Treatment of Amoebiasis
Metronidazole 750 mg three times daily for 5-10 days is the recommended first-line treatment for amoebiasis in adults, followed by a luminal amebicide to prevent relapse. 1, 2
Initial Treatment Regimen
For adults with intestinal or hepatic amoebiasis:
- Metronidazole 750 mg orally three times daily for 5-10 days 1, 2
- For children: Metronidazole 30 mg/kg/day divided into doses for 5-10 days 1
The FDA approves metronidazole for both acute intestinal amebiasis (amebic dysentery) and amebic liver abscess 2. The same drug regimens used for intestinal amoebiasis are appropriate for amoebic liver abscess 1.
Essential Follow-Up Treatment
After completing metronidazole therapy, all patients must receive a luminal amebicide to eliminate intestinal cysts and prevent relapse. 1 This is a critical step that cannot be skipped, as metronidazole alone has limited efficacy against luminal cysts due to rapid absorption and short duration of action 3.
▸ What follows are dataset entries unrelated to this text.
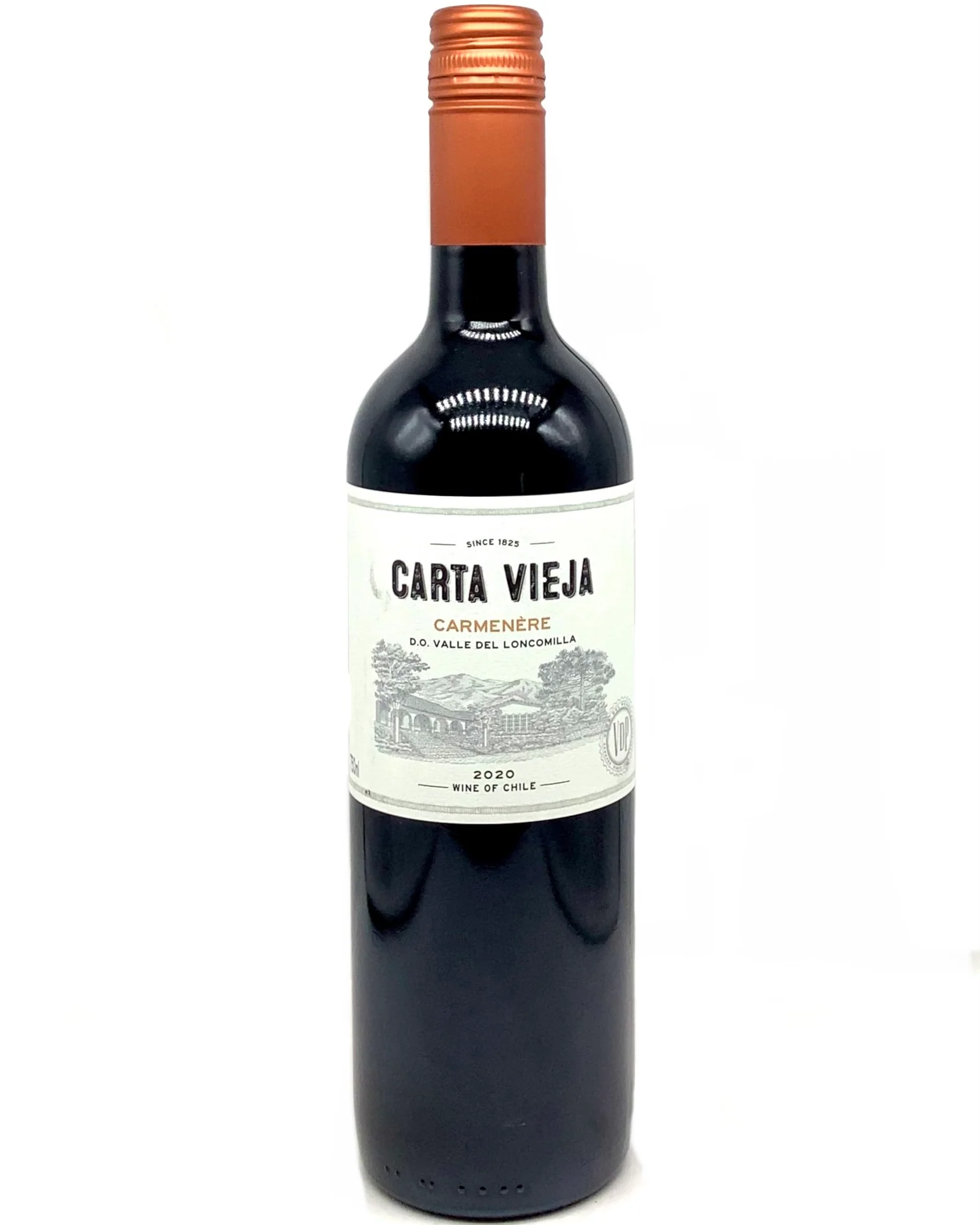Carta Vieja Carmenere typically presents a deep ruby or carmine red color with a fruity and spicy nose, featuring notes of blackberries, plums, cassis, and sometimes hints of chocolate, toffee, and cinnamon. On the palate, it is often described as silky, velvety, and sometimes slightly sweet, with a balanced body and a long, elegant finish.
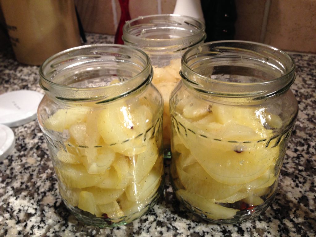 Fördela päronhalvorne med 1-2-3 metoden till lika antal i burkarna.
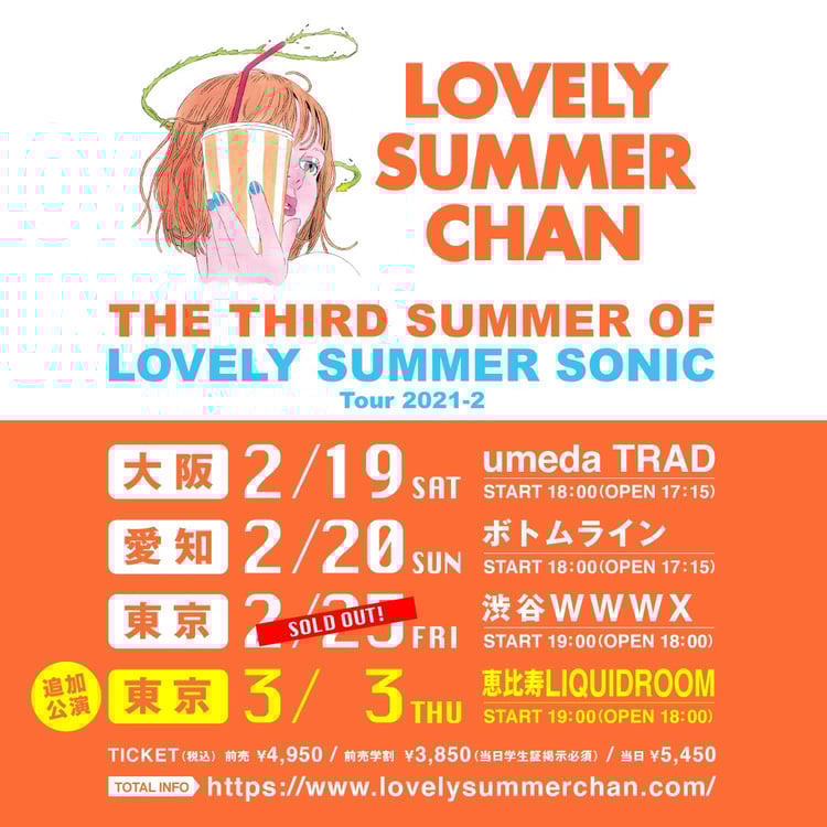ラブリーサマーちゃんが2月から東名阪ツアー「THE THIRD SUMMER OF LOVELY SUMMER SONIC Tour 2021-2」を開催。このツアーの追加公演を3月3日に東京・LIQUIDROOMで行うことを発表した。
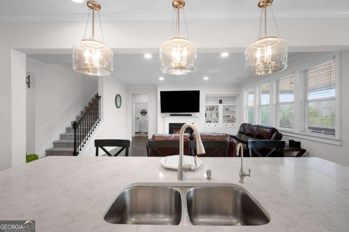Situated on a desirable corner lot in the sought-after Landing at Kelly Mill community, this beautifully maintained home offers a rare combination of space, functionality, and scenic surroundings. Enjoy peaceful mountain views and start your mornings on the deck-an ideal spot for coffee or relaxing outdoor moments. The inviting front porch and flat front yard create great curb appeal, while the interior showcases a thoughtfully designed layout with stylish finishes throughout. As you enter, you are welcomed by a cozy living room and dining room that are ideal for entertaining. The spacious family room features built-ins and large windows that fill the home with abundant natural light. The kitchen is a standout, featuring white cabinetry, quartz countertops, a large island, gas cooktop, double oven, and an open view to the family room-creating a seamless flow perfect for everyday living and gatherings. The open-concept design enhances both comfort and functionality. A bedroom and full bathroom on the main level provide flexibility for guests or a home office. The laundry room is conveniently located on the main level for easy access. Upstairs, the extended primary suite offers a versatile layout that can easily function as a private owner's retreat, complete with a tray ceiling, abundant natural light, and peaceful views. The primary bathroom features dual vanities, a tiled shower, and a generous walk-in closet. Three additional bedrooms, a private en-suite, and a Jack-and-Jill bathroom complete the upper level. The finished daylight basement is a true highlight, featuring a bedroom, full bathroom, full kitchenette, and a large open living area-ideal for entertaining, extended living, or multi-generational use. A dedicated media space provides the perfect setting for movie nights and game days. The basement also has a new Radon mediation equipment already installed so it gives peace of mind to the new buyers. The backyard offers a great setting for outdoor enjoyment and is perfect for hosting barbecues and gatherings. Located in a friendly community near highly rated schools, including Alliance Academy for Innovation and Kelly Mill Elementary, and just minutes from the new Cumming City Center, parks, shopping, and grocery options, this home delivers the perfect combination of space, location, and lifestyle.
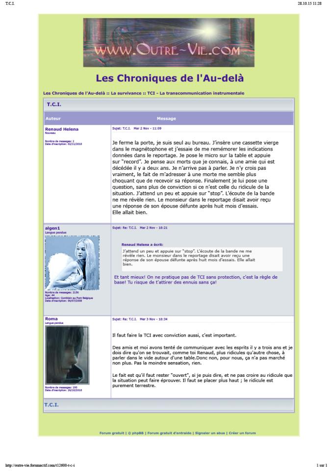 Sans titre (TCI), 2010, intervention on an esoteric forum, capture

Luminal amebicide options:
- Paromomycin 30 mg/kg/day orally in 3 divided doses for 10 days 1, 4
- Diloxanide furoate 500 mg orally three times daily for 10 days 1
Paromomycin is FDA-approved specifically for intestinal amebiasis and is effective for both acute and chronic cases 4.
Diagnostic Confirmation
Before initiating treatment, confirm the diagnosis through:
- Microscopic examination of fresh feces showing amebic trophozoites 1
- Consider diagnosis if two different antibiotics for shigellosis have failed 1
- For suspected amoebic liver abscess: perform indirect hemagglutination testing (>90% sensitivity) and ultrasound imaging 1
- If ultrasound is negative but clinical suspicion remains high, obtain CT scan 1
Monitoring Treatment Response
Most patients with amoebic liver abscess respond within 72-96 hours of treatment initiation. 1 If no improvement occurs within 2 days, consider alternative diagnoses or drug resistance 1.
For amoebic liver abscess specifically:
- Surgical or percutaneous drainage is rarely required 1
- Consider drainage only for: diagnostic uncertainty, persistent symptoms after 4 days of treatment, or risk of imminent rupture 1
Common Pitfalls to Avoid
The most critical error is failing to administer a luminal amebicide after metronidazole therapy. Studies show metronidazole alone has a failure rate of 37% for E. histolytica when used without follow-up luminal treatment 3. One long-term study found an 88% cure rate with metronidazole alone, but this still leaves 12% of patients at risk for relapse 5.
Do not use metronidazole or tinidazole alone for asymptomatic carriers - these drugs are ineffective due to rapid absorption and short duration of treatment, with failure rates of 37-62% 3. Asymptomatic carriers require luminal amebicides like paromomycin 4.